*** Raw data ***

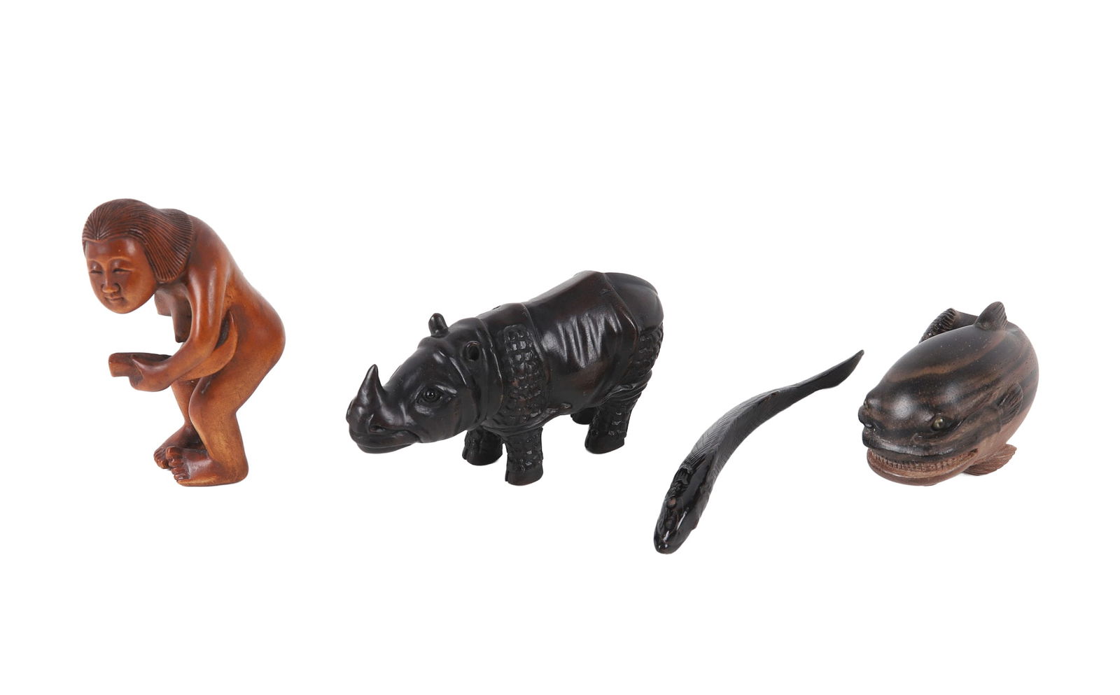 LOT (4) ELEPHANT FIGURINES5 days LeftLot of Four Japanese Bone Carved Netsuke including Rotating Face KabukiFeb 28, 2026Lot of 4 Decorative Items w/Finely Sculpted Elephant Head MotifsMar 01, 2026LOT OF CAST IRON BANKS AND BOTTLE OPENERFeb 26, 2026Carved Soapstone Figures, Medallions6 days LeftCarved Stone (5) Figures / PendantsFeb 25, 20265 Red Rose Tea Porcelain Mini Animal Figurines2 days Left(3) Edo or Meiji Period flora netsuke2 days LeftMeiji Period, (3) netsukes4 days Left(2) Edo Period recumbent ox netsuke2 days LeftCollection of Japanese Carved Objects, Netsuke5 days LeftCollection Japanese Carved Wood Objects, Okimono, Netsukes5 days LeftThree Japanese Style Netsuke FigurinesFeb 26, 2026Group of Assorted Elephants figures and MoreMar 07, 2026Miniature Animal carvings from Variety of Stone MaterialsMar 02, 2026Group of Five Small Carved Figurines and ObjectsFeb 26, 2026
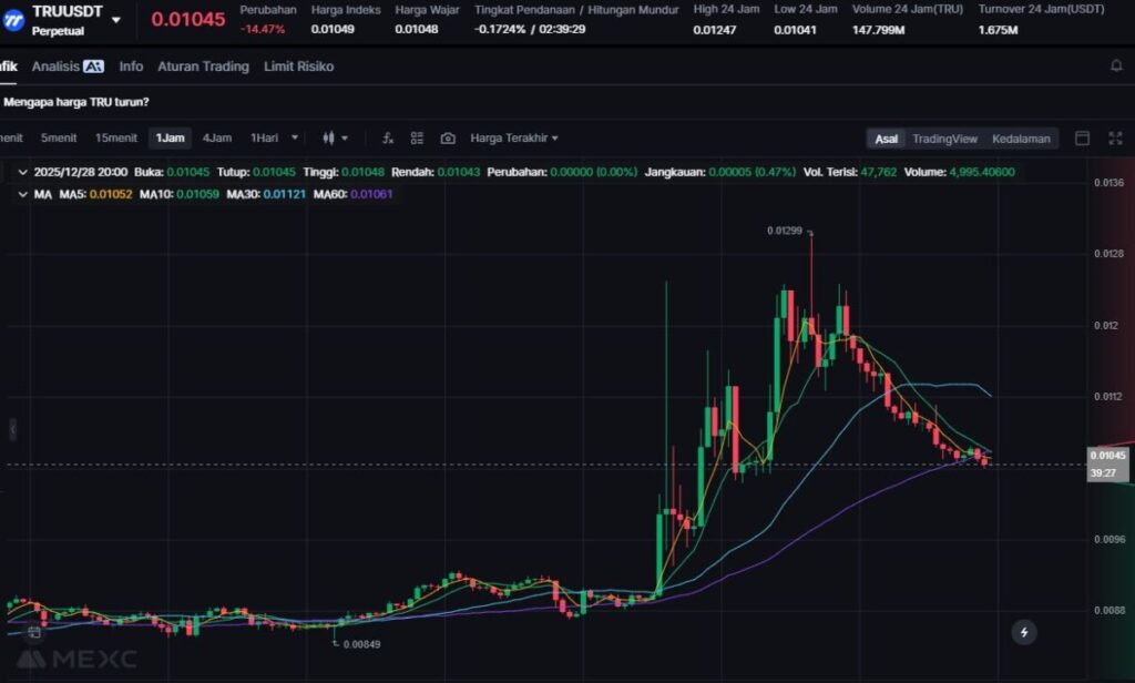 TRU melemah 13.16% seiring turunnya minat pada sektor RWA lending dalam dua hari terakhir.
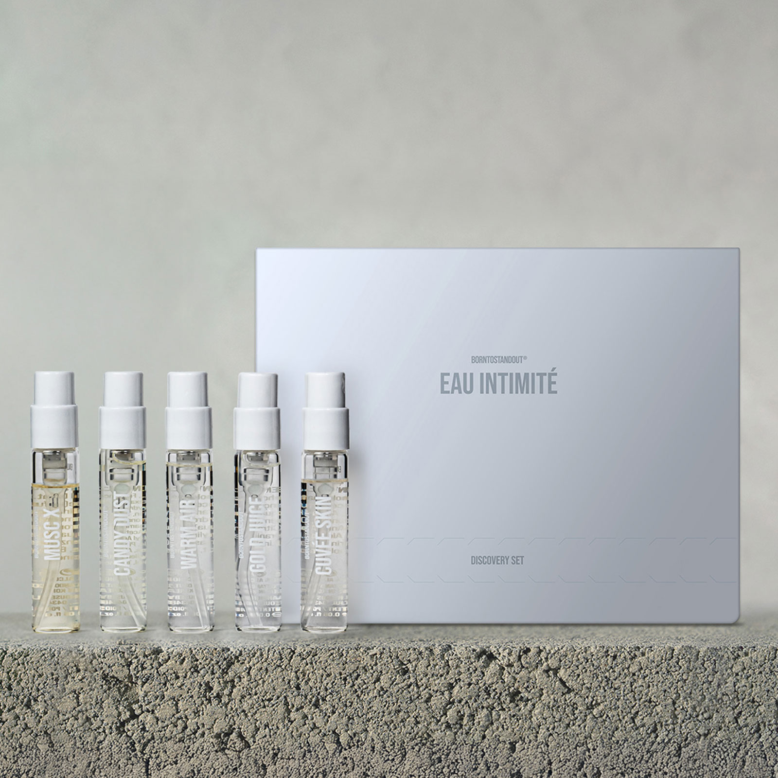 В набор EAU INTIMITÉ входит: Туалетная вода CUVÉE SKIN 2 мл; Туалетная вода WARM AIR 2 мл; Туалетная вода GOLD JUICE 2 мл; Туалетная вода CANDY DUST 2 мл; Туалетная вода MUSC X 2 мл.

*** End of Raw data ***

Your task is to retype exactly, and only, the lines from the one that holds "TRU melemah 13.16%" through the end of the listing, both end lines included, without any pictures.

Reply -
 TRU melemah 13.16% seiring turunnya minat pada sektor RWA lending dalam dua hari terakhir.
 В набор EAU INTIMITÉ входит: Туалетная вода CUVÉE SKIN 2 мл; Туалетная вода WARM AIR 2 мл; Туалетная вода GOLD JUICE 2 мл; Туалетная вода CANDY DUST 2 мл; Туалетная вода MUSC X 2 мл.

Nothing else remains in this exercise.